» GIVEN RECORDS
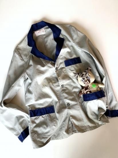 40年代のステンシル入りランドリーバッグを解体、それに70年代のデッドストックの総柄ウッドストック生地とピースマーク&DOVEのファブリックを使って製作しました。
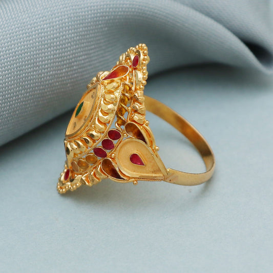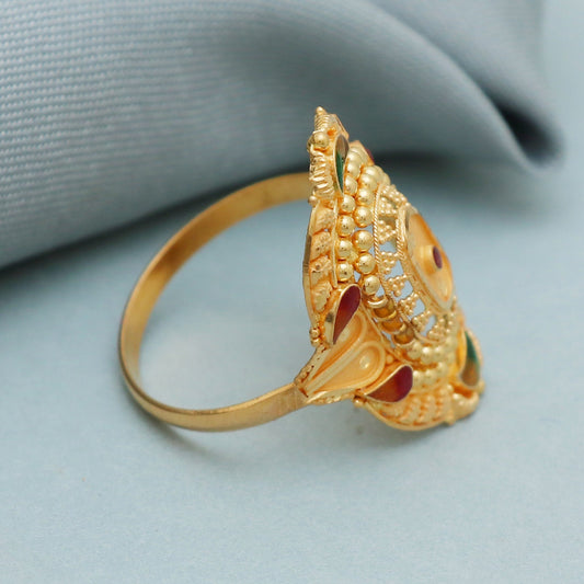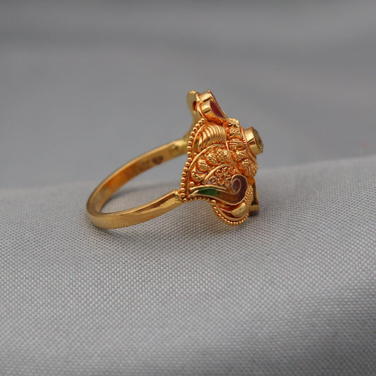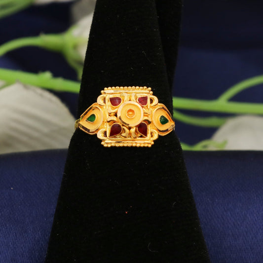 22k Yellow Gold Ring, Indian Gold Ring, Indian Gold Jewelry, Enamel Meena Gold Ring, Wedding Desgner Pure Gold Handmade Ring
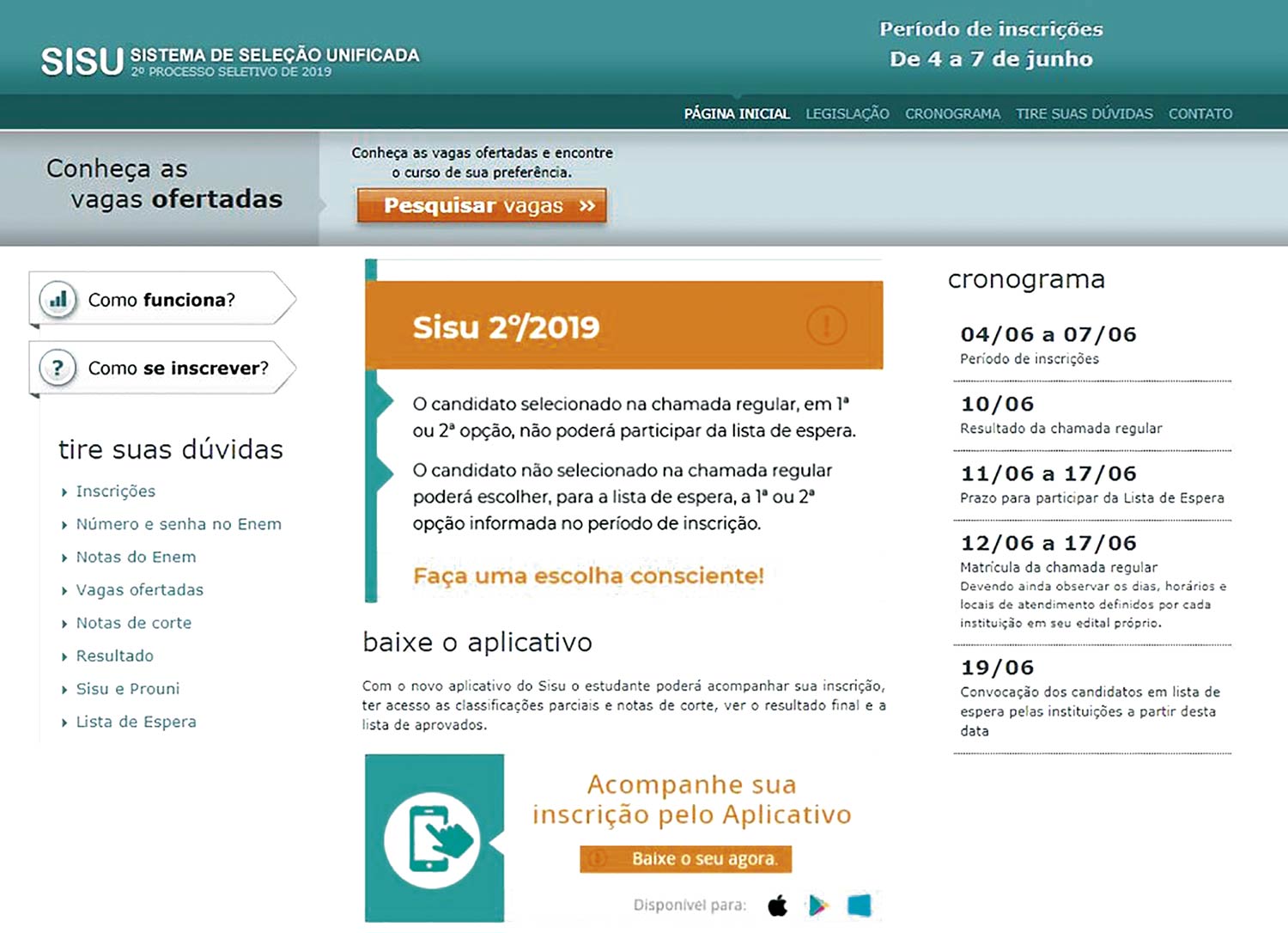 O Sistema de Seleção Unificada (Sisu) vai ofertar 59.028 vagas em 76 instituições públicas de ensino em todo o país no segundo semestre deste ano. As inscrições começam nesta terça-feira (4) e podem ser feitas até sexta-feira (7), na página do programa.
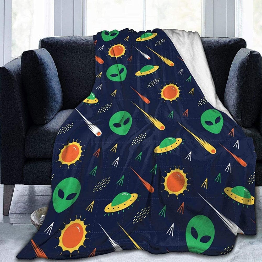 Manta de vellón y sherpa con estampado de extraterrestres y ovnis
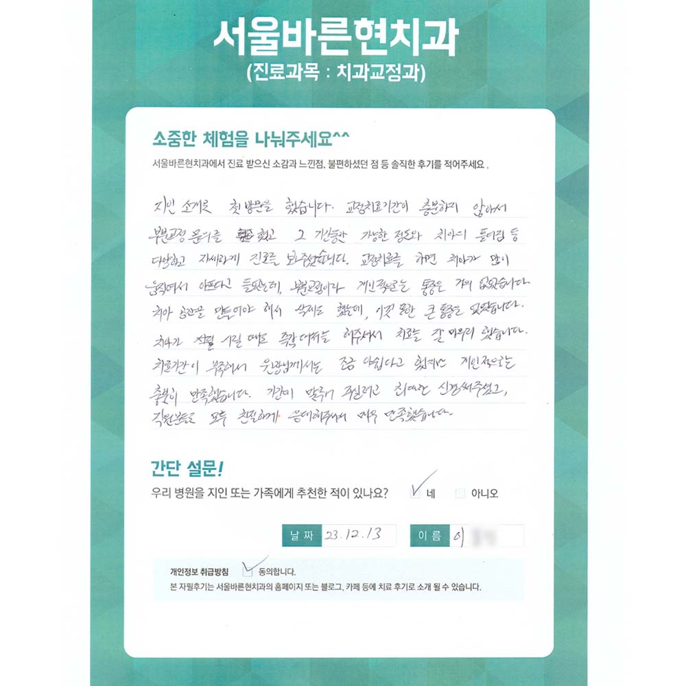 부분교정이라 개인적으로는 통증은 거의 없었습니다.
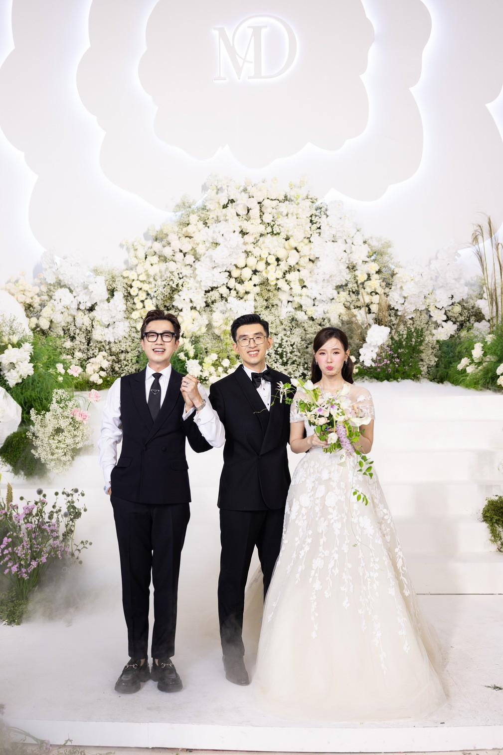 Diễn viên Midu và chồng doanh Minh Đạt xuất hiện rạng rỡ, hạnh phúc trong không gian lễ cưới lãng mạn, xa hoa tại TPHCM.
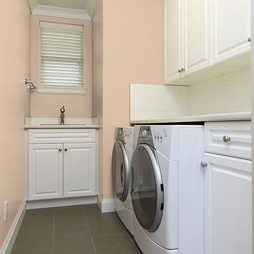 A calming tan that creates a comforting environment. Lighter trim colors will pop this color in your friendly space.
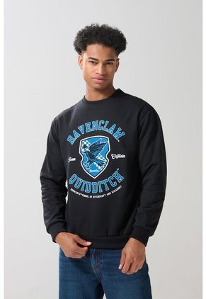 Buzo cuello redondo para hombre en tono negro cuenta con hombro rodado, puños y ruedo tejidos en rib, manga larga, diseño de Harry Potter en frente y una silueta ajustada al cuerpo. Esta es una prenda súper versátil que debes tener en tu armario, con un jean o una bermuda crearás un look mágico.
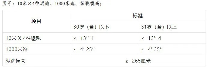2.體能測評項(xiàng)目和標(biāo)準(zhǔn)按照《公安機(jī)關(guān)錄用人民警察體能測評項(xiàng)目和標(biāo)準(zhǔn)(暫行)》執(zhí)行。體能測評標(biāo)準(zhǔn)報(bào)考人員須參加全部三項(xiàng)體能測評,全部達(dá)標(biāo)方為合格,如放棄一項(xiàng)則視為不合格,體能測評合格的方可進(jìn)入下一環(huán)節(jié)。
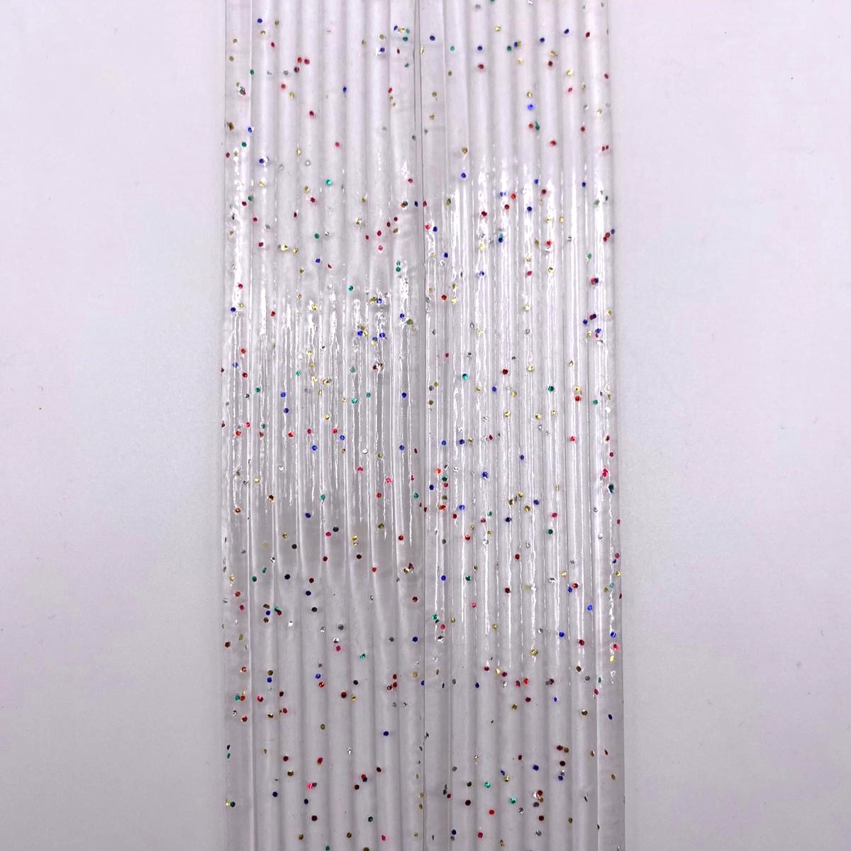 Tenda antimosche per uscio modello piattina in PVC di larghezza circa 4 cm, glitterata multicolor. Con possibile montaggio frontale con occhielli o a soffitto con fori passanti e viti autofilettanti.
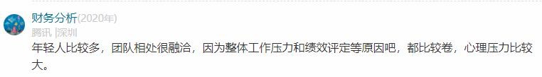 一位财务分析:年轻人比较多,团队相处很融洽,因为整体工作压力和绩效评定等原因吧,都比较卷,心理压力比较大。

---

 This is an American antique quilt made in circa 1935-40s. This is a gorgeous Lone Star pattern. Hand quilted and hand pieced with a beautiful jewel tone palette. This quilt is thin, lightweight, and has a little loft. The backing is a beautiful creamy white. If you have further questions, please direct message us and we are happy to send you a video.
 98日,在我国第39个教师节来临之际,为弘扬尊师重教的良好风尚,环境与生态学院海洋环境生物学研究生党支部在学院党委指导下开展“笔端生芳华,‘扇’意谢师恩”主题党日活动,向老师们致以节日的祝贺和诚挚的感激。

» ACTION ITEM
Leave the pictures out, and transcribe exactly the lines above starting at the one that contains "Diễn viên Midu" and ending at the one that contains "一位财务分析:年轻人比较多,团队相处很融".

» OUTPUT OF THE TASK
 Diễn viên Midu và chồng doanh Minh Đạt xuất hiện rạng rỡ, hạnh phúc trong không gian lễ cưới lãng mạn, xa hoa tại TPHCM.
 A calming tan that creates a comforting environment. Lighter trim colors will pop this color in your friendly space.
 Buzo cuello redondo para hombre en tono negro cuenta con hombro rodado, puños y ruedo tejidos en rib, manga larga, diseño de Harry Potter en frente y una silueta ajustada al cuerpo. Esta es una prenda súper versátil que debes tener en tu armario, con un jean o una bermuda crearás un look mágico.
2.體能測評項(xiàng)目和標(biāo)準(zhǔn)按照《公安機(jī)關(guān)錄用人民警察體能測評項(xiàng)目和標(biāo)準(zhǔn)(暫行)》執(zhí)行。體能測評標(biāo)準(zhǔn)報(bào)考人員須參加全部三項(xiàng)體能測評,全部達(dá)標(biāo)方為合格,如放棄一項(xiàng)則視為不合格,體能測評合格的方可進(jìn)入下一環(huán)節(jié)。
 Tenda antimosche per uscio modello piattina in PVC di larghezza circa 4 cm, glitterata multicolor. Con possibile montaggio frontale con occhielli o a soffitto con fori passanti e viti autofilettanti.
 一位财务分析:年轻人比较多,团队相处很融洽,因为整体工作压力和绩效评定等原因吧,都比较卷,心理压力比较大。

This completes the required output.